Buyer’s Remorse For Biden Voters

December 28, 2021 in News by RBN Staff

source:  zerohedge


TUESDAY, DEC 28, 2021 – 2:50

Joe Biden

President Biden announcing that there is no federal solution to COVID before heading off to his Delaware beach house. 

The Disappointment Is Complete

First Biden disappointed his voters with student loans, by reneging on his promise to cancel $10,000 or more of their debt. Now he has disappointed his voters who believed him when Biden said he had a plan to defeat COVID. On Monday, prior to leaving for his Delaware beach house, Biden announced that there was in fact no federal solution to the pandemic, and that he would be deferring to the states.

Not only has Biden not delivered on two of his biggest campaign promises, but his voters (as well as Americans who didn’t vote for him) are suffering through inflation and crime rates that are reminiscent of the decade when Biden got his start in national politics, the 1970s.

Joe Biden as a Senator in the 1970s. A reminder that he’s been in politics long enough to have gone bald twice. 

This sort of disappointment seems to be a common feature of democratic politics: on the other side of the spectrum, there are Trump voters upset that Trump didn’t fully build his wall, or end birthright citizenship.

Why (Most) Voters Keep Getting Disappointed

There was a thread on Twitter a few months back that made a thought provoking point about why most voters usually don’t get what they want. If I could find the thread, I’d repost it here and credit the author; instead, I’ll summarize the author’s argument from memory. In a nutshell, voting lets people and groups that already have power express their power; voting by itself doesn’t make anyone powerful. Think back to America’s founding. The right to vote was limited to those who already had power: generally, men who owned property and paid taxes. Giving the right to vote to a gig worker or barista struggling to pay off his student loans for his liberal arts degree doesn’t make that person powerful; hence, his demands to get his student loans canceled are ignored.

In contrast, consider the rioters who wreaked havoc on America last year. The threat of their continued violence was a form of power. Perhaps it shouldn’t be surprising that they have succeeded in electing and reelecting soft-on-crime prosecutors, as was the case in Philadelphia.

Ending On A Brighter Note

To end this on a positive note, a quick update on our post last week (Time To Buy Tesla). In that one, I mentioned that Tesla was again one of our system’s top names, after having pulled back sharply over the previous month:

Screen capture via Portfolio Armor on 12/20/2021.
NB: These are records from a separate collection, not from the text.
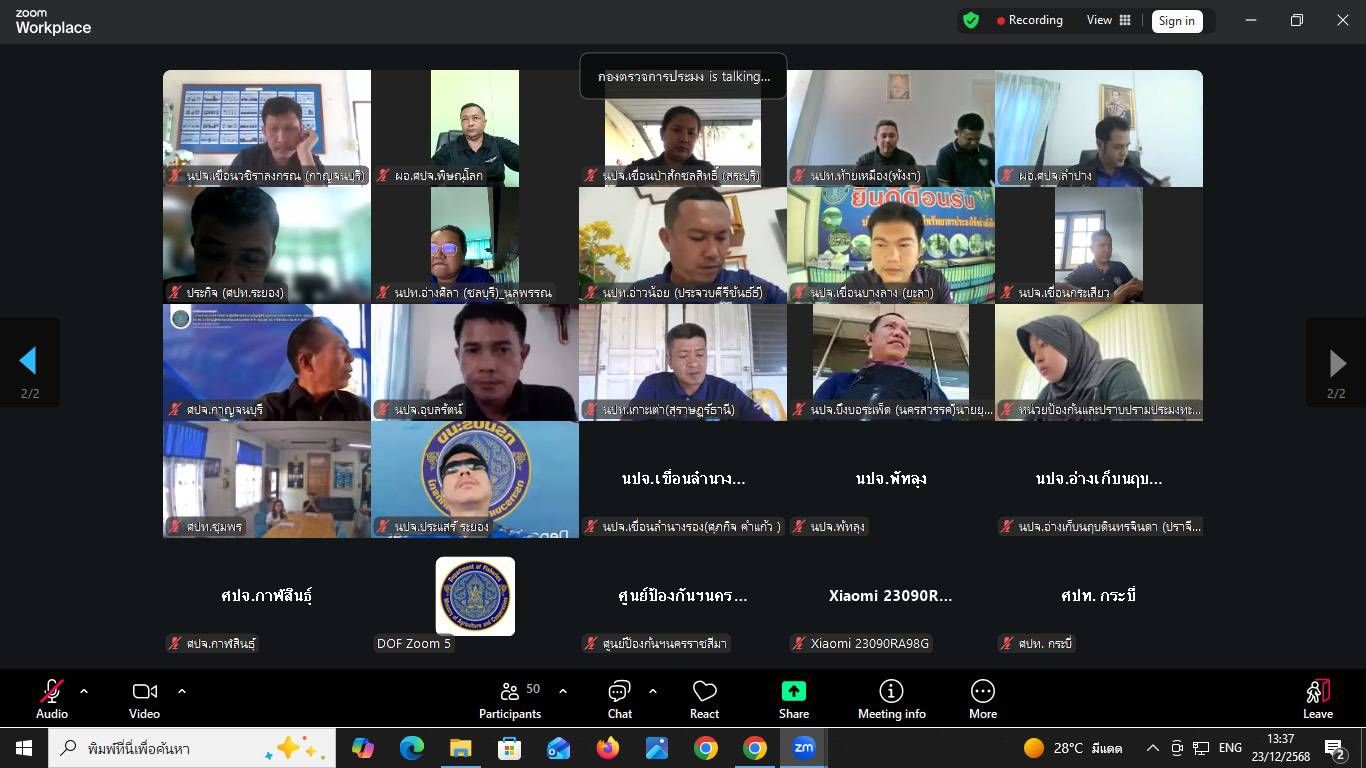 วันที่ 23 ธ.ค. 68 นปท.บางสะพานฯ ศปท.ชุมพร กองตรวจการประมง กรมประมง โดย นายสมชาย ศรีสวัสดิ์ หัวหน้าหน่วยฯ พร้อมเจ้าหน้าที่ เข้าร่วมประชุมผ่านทางระบบออนไลน์ (zoom) ในเรื่องการเตรียมความพร้อม และวางแนวทางการดำเนินการสัมมนา ให้บรรลุวัตถุประสงค์ โดยมีนายสิทธิพล เมืองสง ผู้อำนวยการกองตรวจการประมง เป็นประธานในการประชุม
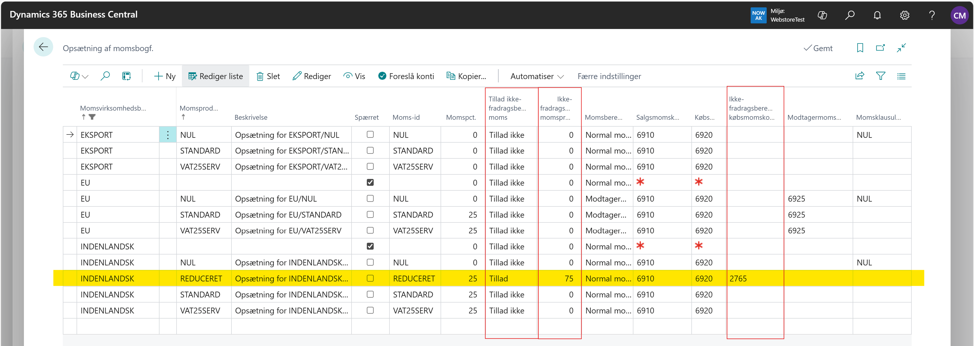 Billedet ovenfor viser momsbogføringsopsætningen i Business Central, hvor de relevante felter er markeret med en rød ramme. Den gule linje markerer den opsætning, der anvendes til kvartmomstræk (repræsentationsudgifter).
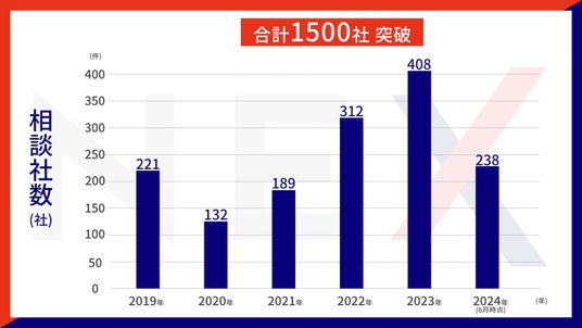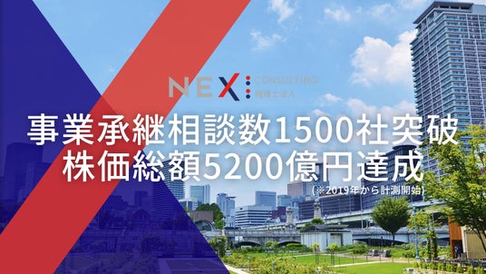 2024年6月、株式会社NEX Consulting(以下「当社」)は、2019年から計測を開始した事業承継の相談件数が1500社を突破し、株価総額ベース※で5200億円に達したことをお知らせします。
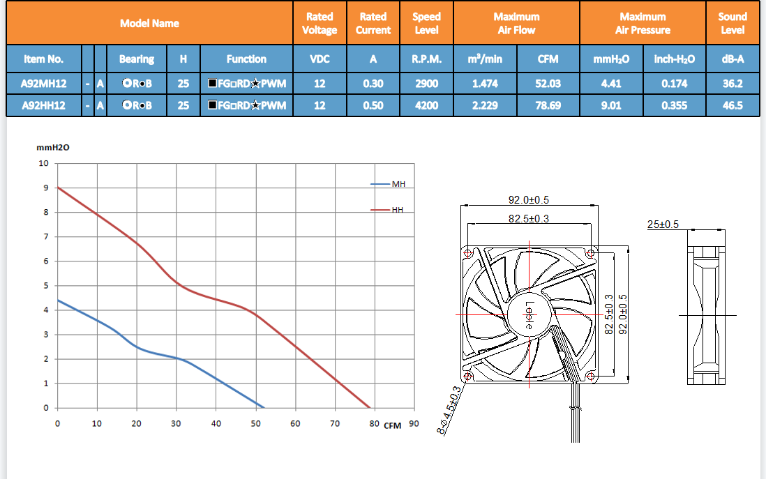 叶轮:塑料(UL94V-0) 框架:塑料(UL94V-0) 引线:定制 重量:22克 框架类型:封闭法兰

One thing you may have noticed from Monday’s top ten list is that it includes a few tech names that are down double digits over the last month: the chipmakers Advanced Micro Devices (AMD) and Nvidia (NVDA), the streaming content company Netflix (NFLX), and the electric car maker Tesla (TSLA). We’ll focus on Tesla here, because, coincidentally, it was highlighted by our friends at the social data firm Likefolio on Monday as well.

Since then, Tesla is up 21.56% as of this writing, second only to the crypto bank Silvergate Capital (SI), another name which had pulled back sharply since November.

Overall, our top names from December 20th are up 10.98% on, average, versus 4.9% for SPY.